The white paper begins with an overview of SoC modeling’s role in preempting design flaws. Before placing any transistors, accurate models assess key metrics like bandwidth, latency, and Network-on-Chip (NoC) configuration. Aion Silicon’s custom modeling flow enhances vendor tools with extensive tweakable settings, enabling rapid iterations. Unlike traditional spreadsheet-based methods that take months, this flow delivers insights in days, allowing quick evaluation of variants to match customer use cases.
A core section explains how an ASIC evolves from an abstract view, depicted as application tasks on initiators (hardware blocks generating traffic) and targets (memory receivers), to a detailed specification. Central to this is the interconnect fabric, which connects compute and memory elements. Its design remains fluid until floor planning, influenced by timing constraints and die layout. Modeling provides a starting point, refining the NoC iteratively.
The paper highlights modeling’s advantages: estimating architecture, playing “what-if” scenarios, and enabling early software development. It categorizes modeling types, from dataflow (MATLAB / Python / C++ algorithms without timing) to loosely timed (for software prototyping) and approximately timed/fast timed models (ideal for exploration with transaction-level tracing). Cycle-accurate RTL simulations, while precise, are too slow for initial analysis.
Performance exploration is deemed essential because IP blocks, validated in isolation, face real-world constraints when integrated. Other blocks’ traffic patterns impact interconnect and memory, necessitating simulations to size subsystems appropriately.
The heart of the white paper is the “10 Steps to Architecture Success,” a phased approach breaking down complexity. The first four steps are analytical, often spreadsheet-based:
- System OI Analysis: Examine input/output dataflows, including burstiness, latency, timing, and formatting to determine buffer needs.
- Processing Analysis: Decompose algorithms into sub-tasks, grouping functionalities (e.g., MPEG decode and image analysis).
- IP Analysis: Identify third-party IP blocks, incorporating datasheet details on memory and compute requirements for accurate modeling.
- Data Interchange Analysis: Decide data exchange methods—on-chip SRAM/FIFO for small data or external DDR for large—based on size and access frequency.
The remaining steps shift to simulation:
- Workflow Model (Transactional): Create software representations of algorithm stages as simulation objects (e.g., green boxes in diagrams) with latency/processing settings, connected by channels for sequencing.
- Simulate to Verify Processing: Run simulations to visually confirm algorithm sequencing using modeling tools’ visualization features.
- Quantify Data Interchange: Model hardware with Virtual Processor Units (VPUs) and local memory, defining communication domains and verifying configurations.
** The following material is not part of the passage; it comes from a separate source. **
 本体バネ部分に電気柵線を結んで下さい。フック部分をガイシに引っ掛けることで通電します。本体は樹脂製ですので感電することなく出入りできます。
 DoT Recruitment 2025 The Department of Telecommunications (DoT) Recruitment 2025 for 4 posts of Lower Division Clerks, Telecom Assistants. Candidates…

- Data Physical Exchange: Remodel memory as external via a common controller, enhancing connectivity accuracy.
- Implement Interconnect: Add NoC fabric, replacing direct connections, and evaluate timing/performance impacts, iterating as needed.
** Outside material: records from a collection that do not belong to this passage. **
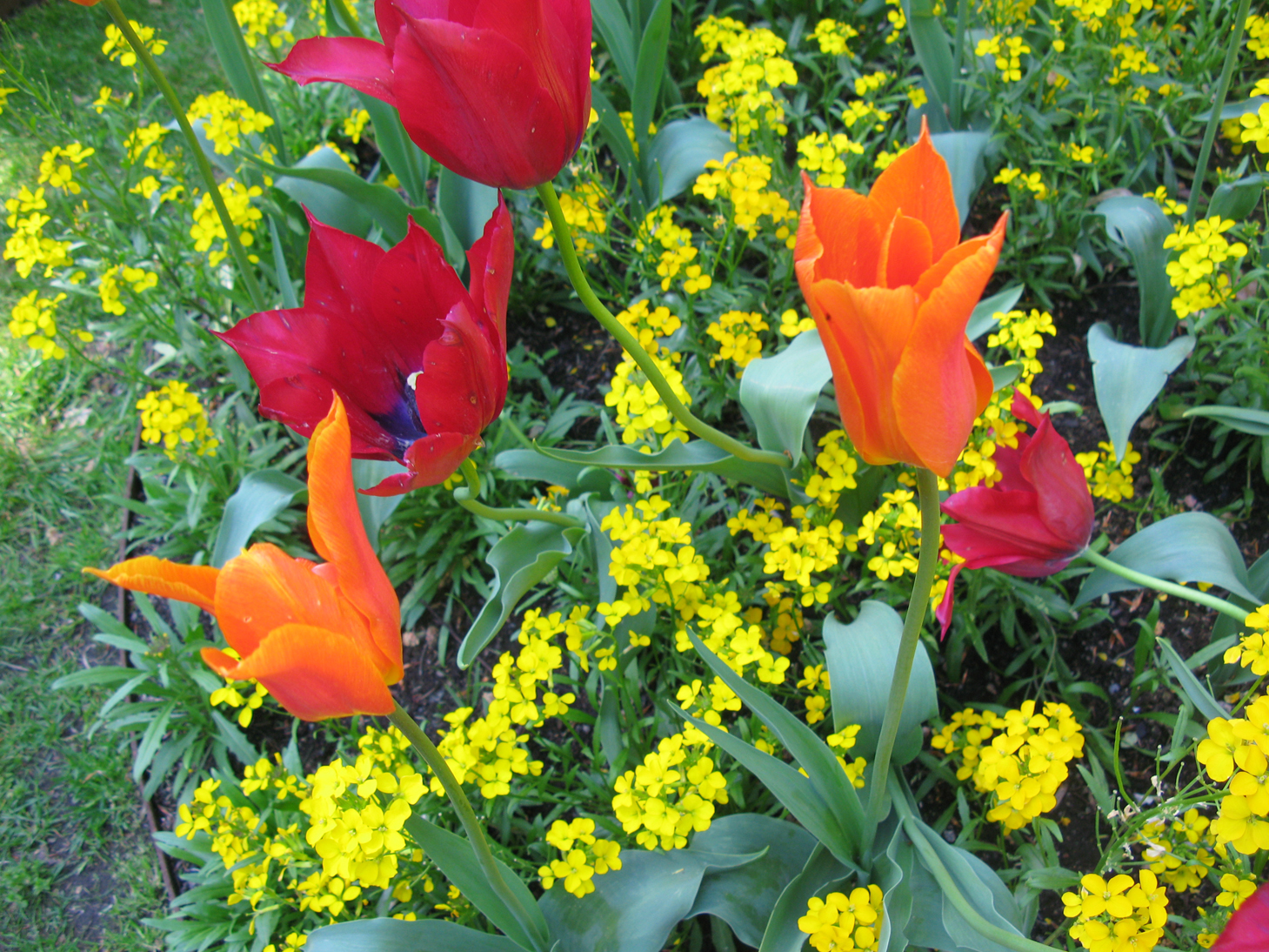 Målaren kan alltid måla över om någon färg blir fel, inte stämmer med den vision eller den färgbild man haft. Växter är det inte lika enkelt att byta ut. Man behöver god kännedom om de enskilda kulörerna och ha en kvalificerad idé om hur de kan verka tillsammans. Just denna dag har solen stor betydelse för upplevelsen av färgerna. Eftersom tulpanerna är så pass högresta visar sig kronbladen högt uppe, liksom svävande i luften med det strålande solljuset rakt igenom bladen, som om de vore tunn hud. Stämningen är både festlig och skört nyanserad.
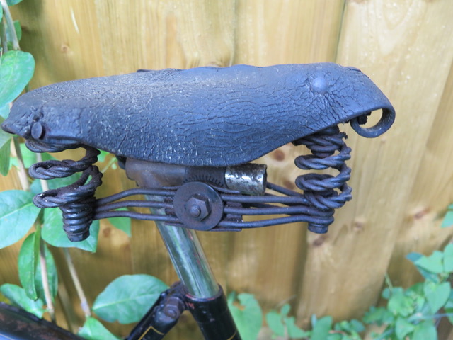 Hierbij een foto van het zadel. Ik denk dat het origineel uit 1912 is. na 1920 kreeg je het driehoekje in het logo.
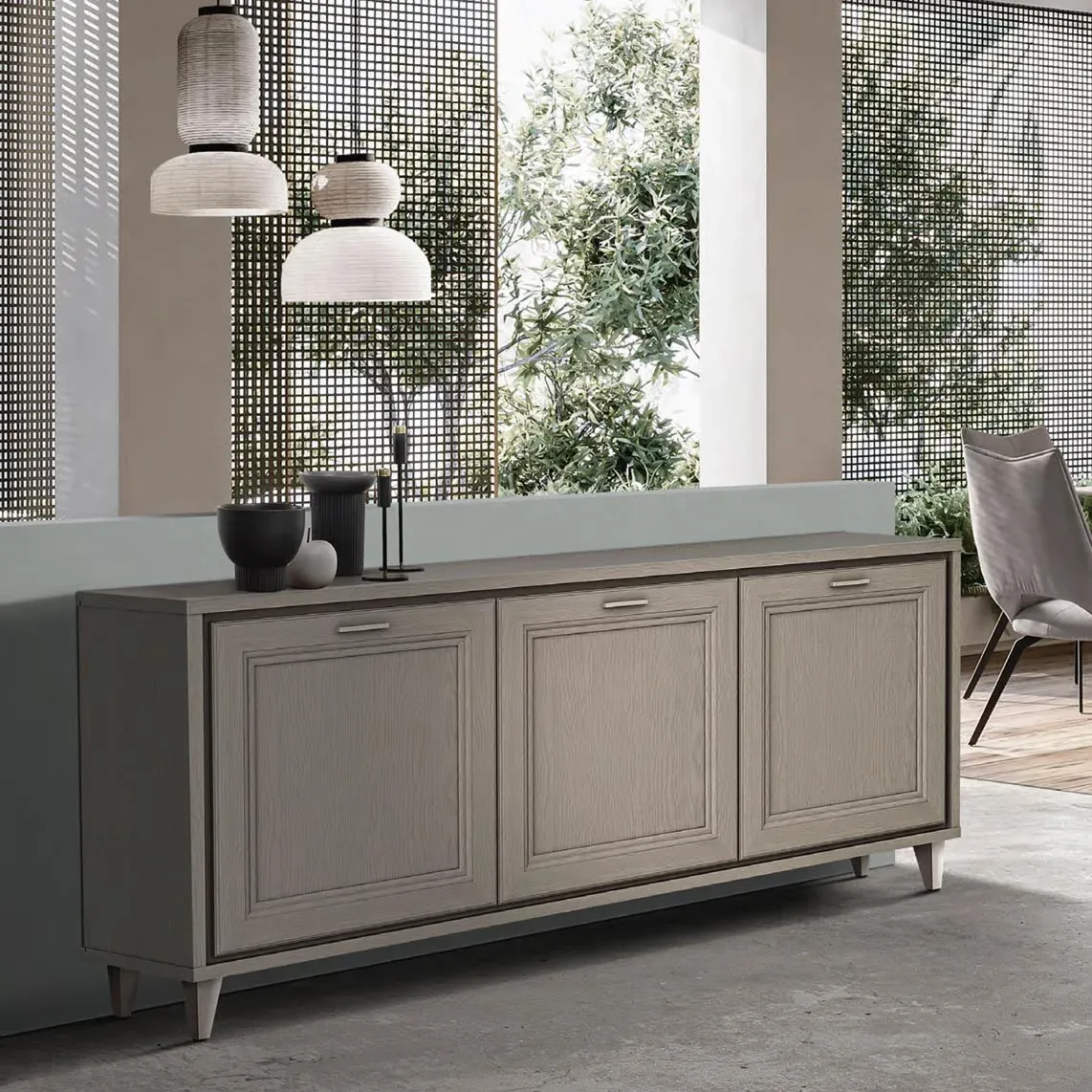 Questa madia con 3 ante è caratterizzata da una grande capacità contenitiva e notevole versatilità; si adatta perfettamente a soggiorni, cucine, ingressi o corridoio assicurando all'ambiente uno stile elegante e ricercato.
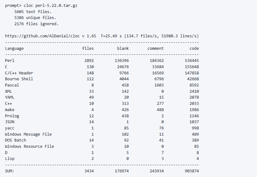 cloc 采用 Perl 编写,无需额外依赖,可在 Linux、macOS、Windows 等多个操作系统上运行,甚至支持 Docker 环境。 -

- Optimize Performance: Adjust settings to identify bottlenecks, reduce latency, and improve throughput through quick simulations (minutes to hours).
These steps progressively refine models, eliminating dead ends and focusing resources logically. The paper concludes with Aion Silicon’s profile: founded in 2002, it offers end-to-end ASIC/SoC services across global centers, emphasizing first-time-right silicon.
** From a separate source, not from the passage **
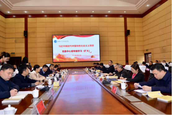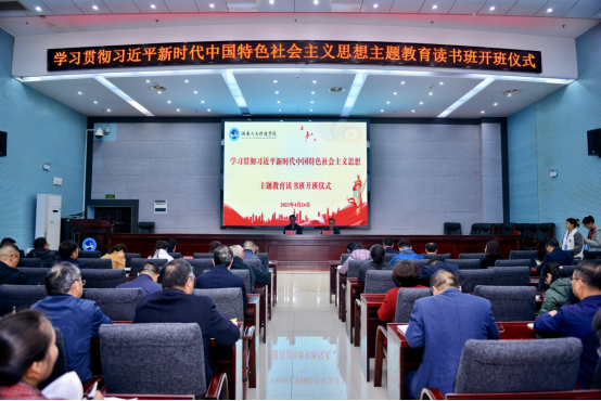 4月24日上午,学校在图书馆二会议室举行学习贯彻习近平新时代中国特色社会主义思想主题教育读书班开班仪式。开班仪式结束后,在图书馆一会议室开展党委中心组(扩大)学习会暨读书班第一次学习。全体校领导和中层正职参加,党委副书记李军林主持。
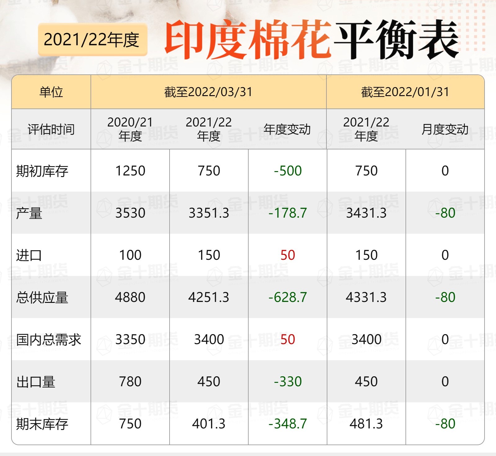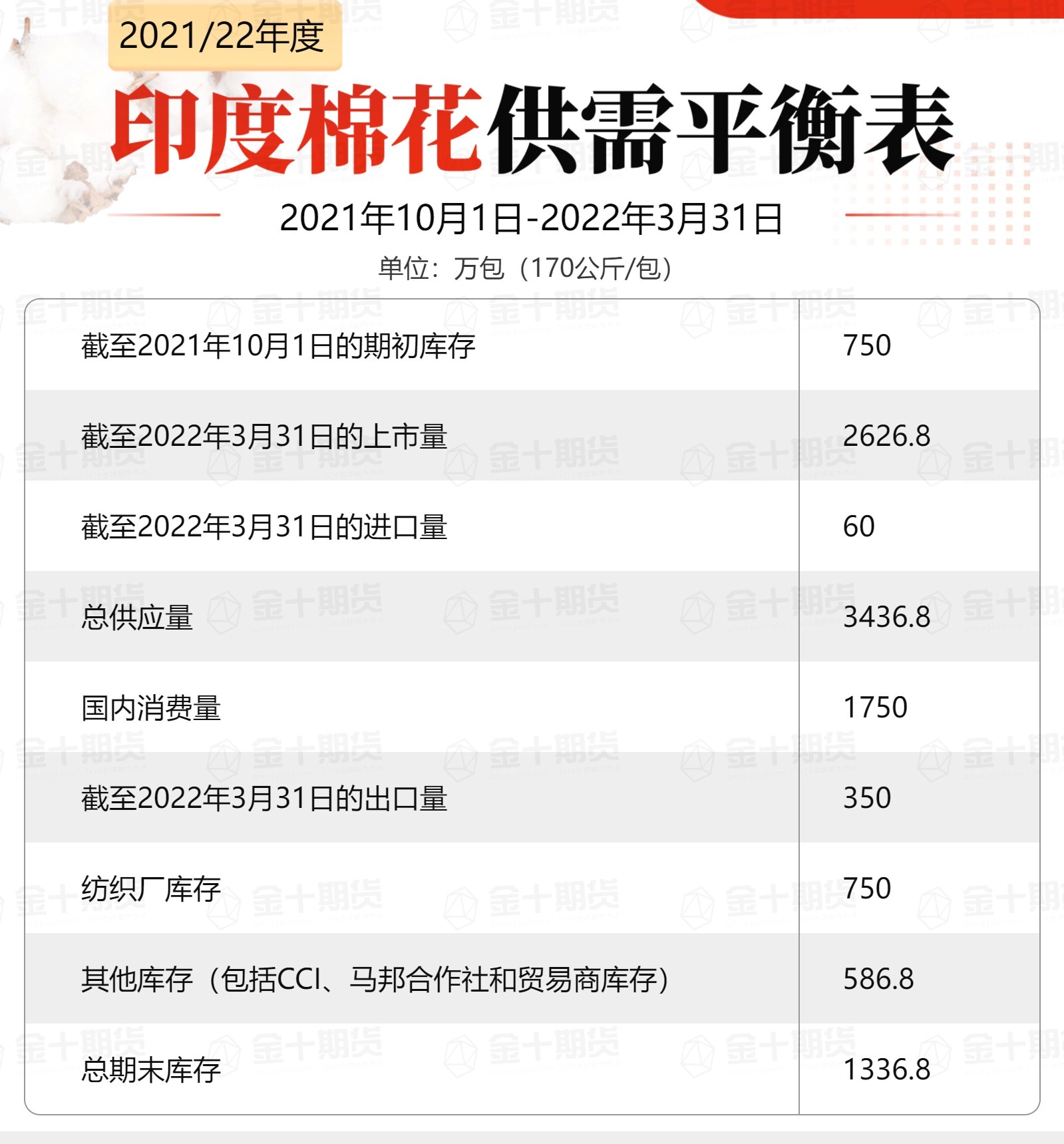 CAI表示,2021年10月到2022年3月棉花供應總量估計為3436.8萬包,其中包括2626.8萬包自產(chǎn)、60萬包進口、期初庫存預估750萬包。此外同期棉花消費量預計為1750萬包,出口量估計為350萬包。

Bottom line: This methodology underscores modeling’s transformative power in SoC design, reducing project risks and fostering innovation. By integrating custom flows with established EDA tools, Aion Silicon empowers designers to deliver optimized chips efficiently, proving that a structured path from abstraction to reality is key to semiconductor success.
See more AION Silicon Whitepapers here.
Also Read:
Live Webinar: Considerations When Architecting Your Next SoC: NoC with Arteris and Aion Silicon
Architecting Your Next SoC: Join the Live Discussion on Tradeoffs, IP, and Ecosystem Realities
The Sondrel transformation to Aion SIlicon!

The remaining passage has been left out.